Matt's talk was titled "Clutching at Random Straws" and dealt with our innate tendency to detect patterns where none exist. His subjects included — amongst other delights — the deeply significant alignment of the ancient Woolworth civilisation, the explicable causal links between human birth-rate and preponderance of mobile-phone masts, and the likelihood of there being two or more people with the same birthday in any given group of people — such as those attending a Skeptics-in-the-Pub night.
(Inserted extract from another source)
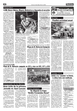 rebotes y brindó 4 asis- El único puntero unidades, lo siguen Biguá, Ambos finalistas habían Se llevó a cabo la muy bueno y productivo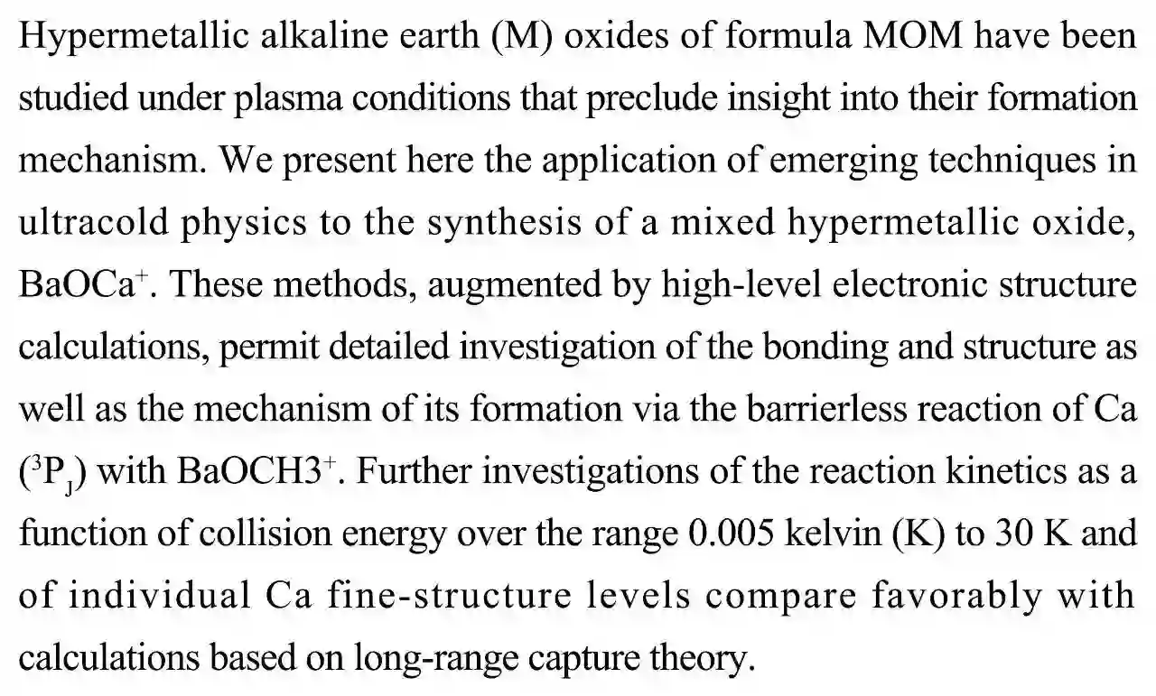 (导读 阿金)本研究使用最新的冷原子物理技术,并结合高性能电子结构计算方法,对人工合成碱土金属超金属氧化混合物 BaOCa+ 过程中化学键和结构的变化,以及 Ca(3PJ)和以BaOCH3+ 的无过渡态反应进行了详细的研究。反应过程中动力学参数与碰撞能量的关系,以及单个 Ca 精细结构也符合基于长程俘获理论的计算结果。

The Q&A session was equally lively, and included Matt expounding his views on environmentalism and organic farming, as well as giving a quick rundown of the pros and cons of the Alternative Vote and First Past The Post voting systems (as follows, paraphrased):
If you're first past the post, it means you got the most votes. So let's say you've got four people who are running for an election — the person who gets the most votes might have 26% of the votes, and everyone else got just under 25. In which case they would get in on just 26% of people voting for them. So in fact 74% of people may adamantly not want them. And so that's kind of the thrust of this — you need a bigger vote than anyone else, but you don't need a bigger vote than everyone who's against you. And proportional voting is that if you vote for one of your guys, and it seems like they're not going to get in, you get to have a second choice, so your vote goes to the second choice, and if they're not going to get in, it goes to the third choice. You get to the final two people, and the person who is ranked higher more than the other person, gets in.
Say one guy was ranked above the other 52% of the time, and the other guy was ranked higher 48% of the time, that means 52% would rather have one than the other — more people for than against, rather than just more people for one than for the other. In an apolitical sense, I think AV is the fairer way to decide which candidate has the fewest people against them.